# Life is good!



## John Deere L130 (Nov 12, 2004)

Man life could not be better right now, First I bought my new John Deere L130 about three months ago, what a tractor, and now I just picked up my new Dodge Ram 3500 Dually with the Cummins Diesel engine. 

:tractorsm


----------



## jodyand (Sep 16, 2003)

Welcome John Deere L130 :friends: Congrats on the new tractor and your new Dodge. One of these day I'm going to break down and buy me one of those but until then i will have to stick with my old one.


----------



## Live Oak (Dec 22, 2003)

Welcome to Tractor Forum John Deere L130
:friends: :cheers: Very nice choice of truck and tractor even if I say so myself!   Love my Deere and my Cummins both. :thumbsup:


----------



## guest (Sep 16, 2003)

welcome JD130 are you still cutting?


----------



## John Deere L130 (Nov 12, 2004)

*Darn grass must have got scared!!!!!*

Just my luck, I get the new Deere and I am now in the slow growth months of Florida. 
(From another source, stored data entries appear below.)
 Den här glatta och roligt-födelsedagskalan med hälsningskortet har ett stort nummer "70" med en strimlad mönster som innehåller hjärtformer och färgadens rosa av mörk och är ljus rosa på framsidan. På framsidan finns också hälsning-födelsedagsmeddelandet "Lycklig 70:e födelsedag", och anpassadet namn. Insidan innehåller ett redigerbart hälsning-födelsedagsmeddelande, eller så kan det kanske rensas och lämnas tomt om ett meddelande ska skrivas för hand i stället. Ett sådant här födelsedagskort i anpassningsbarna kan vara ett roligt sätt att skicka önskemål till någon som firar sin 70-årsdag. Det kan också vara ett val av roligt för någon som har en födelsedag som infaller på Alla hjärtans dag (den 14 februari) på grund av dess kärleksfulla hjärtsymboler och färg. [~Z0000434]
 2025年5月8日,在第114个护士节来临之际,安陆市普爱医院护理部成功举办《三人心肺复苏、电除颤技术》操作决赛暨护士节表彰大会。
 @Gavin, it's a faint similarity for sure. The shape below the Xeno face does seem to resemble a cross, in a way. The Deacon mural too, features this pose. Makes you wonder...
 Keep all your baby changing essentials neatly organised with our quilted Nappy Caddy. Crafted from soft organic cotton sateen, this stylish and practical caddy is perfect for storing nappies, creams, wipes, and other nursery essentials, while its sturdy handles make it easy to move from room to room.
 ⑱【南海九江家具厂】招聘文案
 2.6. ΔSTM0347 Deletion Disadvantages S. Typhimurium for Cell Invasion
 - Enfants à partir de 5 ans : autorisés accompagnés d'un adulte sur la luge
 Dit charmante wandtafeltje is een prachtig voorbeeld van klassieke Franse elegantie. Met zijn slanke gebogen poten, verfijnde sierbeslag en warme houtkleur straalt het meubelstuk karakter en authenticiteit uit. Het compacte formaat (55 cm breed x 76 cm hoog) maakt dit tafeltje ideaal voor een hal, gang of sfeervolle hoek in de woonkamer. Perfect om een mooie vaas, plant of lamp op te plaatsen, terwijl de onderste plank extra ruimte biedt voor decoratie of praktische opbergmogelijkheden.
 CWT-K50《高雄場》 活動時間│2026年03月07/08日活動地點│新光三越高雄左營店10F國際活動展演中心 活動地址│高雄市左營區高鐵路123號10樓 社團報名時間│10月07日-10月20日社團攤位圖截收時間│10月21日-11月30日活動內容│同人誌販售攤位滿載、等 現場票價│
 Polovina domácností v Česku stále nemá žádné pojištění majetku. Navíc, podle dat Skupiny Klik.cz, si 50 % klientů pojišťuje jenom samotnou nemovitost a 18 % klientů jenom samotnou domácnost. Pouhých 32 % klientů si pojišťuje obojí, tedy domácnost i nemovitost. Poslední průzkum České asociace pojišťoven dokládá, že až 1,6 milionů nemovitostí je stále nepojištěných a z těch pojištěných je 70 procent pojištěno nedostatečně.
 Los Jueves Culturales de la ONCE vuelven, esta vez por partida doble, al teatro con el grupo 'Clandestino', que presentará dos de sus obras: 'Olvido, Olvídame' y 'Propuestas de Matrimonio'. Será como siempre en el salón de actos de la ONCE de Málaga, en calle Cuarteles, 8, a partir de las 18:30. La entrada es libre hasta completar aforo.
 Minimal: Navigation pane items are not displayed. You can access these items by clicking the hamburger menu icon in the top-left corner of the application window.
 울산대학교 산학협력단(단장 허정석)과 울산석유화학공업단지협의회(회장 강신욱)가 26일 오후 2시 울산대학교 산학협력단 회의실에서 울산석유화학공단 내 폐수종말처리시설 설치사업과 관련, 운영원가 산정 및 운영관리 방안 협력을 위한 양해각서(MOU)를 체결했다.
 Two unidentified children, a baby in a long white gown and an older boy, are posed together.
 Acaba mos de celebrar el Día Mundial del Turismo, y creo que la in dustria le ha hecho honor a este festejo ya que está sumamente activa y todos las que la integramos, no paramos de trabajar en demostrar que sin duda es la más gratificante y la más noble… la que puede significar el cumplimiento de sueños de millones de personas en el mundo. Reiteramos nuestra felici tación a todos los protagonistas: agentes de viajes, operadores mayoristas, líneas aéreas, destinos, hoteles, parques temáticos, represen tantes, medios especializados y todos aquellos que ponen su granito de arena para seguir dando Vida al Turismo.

I have used it twice and it was fast, the cut was nice and level and the driver was grining ear to ear! :driving:


----------



## bontai Joe (Sep 16, 2003)

Welcome to the forum John Deere 130! Sounds like life IS good! Congratulations on the tractor and truck. Did your truck come with an auto tranny or manual? And why did you pick the Dodge over the Ford and GM? (I'm truck shopping too, and gathering info)


----------



## John Deere L130 (Nov 12, 2004)

Hello Bontai Joe, 

I looked at the Fords but have been concerned with the 6.0 Power Stroke diesel problems being reported. Also many automatic transmission problems. I know Ford is getting the engine problems sorted out, but I don't want to end up with one of the problem engines. 

The Chevrolet's were OK, but again the Duramax diesel is still an unknown, the Allison automatic transmission has had its share of problems as well. 

The Dodge has a new transmission, the 48RE which has addressed the problems with the old 47RE automatic. The Cummins diesel is also putting out 325 HP and 610 lbs TQ, best in class. 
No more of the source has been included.